143 :"=m" (v->counter), "=qm" (c)
144 :"m" (v->counter) : "memory");
145 return c ! = 0;
146 }

11–15 this macro is used in the inline assembly part of some of the functions that follow. It means that the LOCK macro can always be used. But sometimes (the SMP case) it invokes the machine instruction to lock the bus; other times it has no effect. 142 the SETE instruction sets parameter 1 (the unsigned char c) to 1 if the zero bit is set in EFLAGS (i.e. if the result of the subtraction was 0). 143 parameter 0 (the counter field) is write only ("=") and may be in memory ("m").

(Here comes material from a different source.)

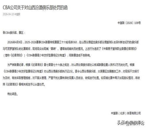 2026年4月9日,2025-2026賽季CBA聯(lián)賽常規(guī)賽第三十六輪場序360,在山西汾酒猛龍俱樂部汾酒籃球隊(duì)與深圳新世紀(jì)烈豹俱樂部馬可波羅籃球隊(duì)的比賽期間,現(xiàn)場觀眾出現(xiàn)喊“黑哨”、謾罵臨場裁判員的情況。上述行為違反了《中國男子籃球職業(yè)聯(lián)賽紀(jì)律準(zhǔn)則》(簡稱《紀(jì)律準(zhǔn)則》)《CBA聯(lián)賽青少年友好型賽場記分制度》,給聯(lián)賽造成不良影響。

Parameter 1 is the unsigned char c declared on line 139. It may be in a general purpose register, or in memory ("=qm"). 144 parameter 2 is the input parameter i; it is expected as an immediate integer operand and may be in a general register ("ir") . Parameter 3 is the other input, the value in (v- . counter) beforehand. The "memory" operand constraint tells the compiler that memory will be modified in an unpredictable manner, so it will not keep memory values cached in registers across the group of assembler instructions. 145 if the result of the decrement was 0, then c was set to 1 on line 142. In that case, c ! = 0 is TRUE. Otherwise, c was set to 0, and c ! = 0 is FALSE.

In a uniprocessor scenario, LOCK expands to nothing. For example, if an interrupt occurs immediately after decl %0 is executed, I believe this could lead to system inconsistency. So, how is the true implementation of atomic operations guaranteed on a single processor?

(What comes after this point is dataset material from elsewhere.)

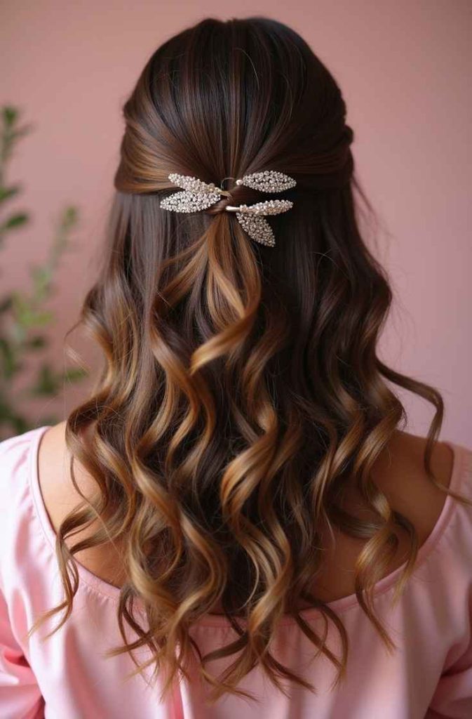 Half-up curls with clips create a romantic and charming hairstyle that’s ideal for Valentine’s Day. This look combines soft, flowing curls with decorative clips that add sparkle or elegance without overpowering the style. The half-up design keeps hair away from the face while allowing natural movement through the lengths.

The explanation is as follows: First, it's important to note that any assembly instruction is completed within an indivisible instruction cycle. This means that interrupts are only checked at the very end of an instruction cycle. Now, let's discuss the role of LOCK. Consider this: since all operations are performed internally by the CPU, if you want to operate on a variable v, then within an inc instruction cycle, the CPU actually needs to read the value of v from memory, process v, and then write it back to memory. A crucial point here is that during an inc instruction cycle, multiple memory accesses actually occur, and these memory accesses are not atomic on the address bus. This means that if there are multiple CPUs, another CPU could potentially seize the address bus after the current inc instruction reads the value of v, and read the value of v itself. At this point, when the current CPU modifies v and writes it back to memory, it can lead to memory inconsistency because the value held by the other CPU is no longer the true value. The purpose of LOCK is to make an instruction, such as incl, atomic on the address bus as well. This means the instruction will continuously occupy the address bus until the value of v is written to memory. When the address bus is locked, other CPUs cannot access it at all. This ensures atomicity by monopolizing the bus.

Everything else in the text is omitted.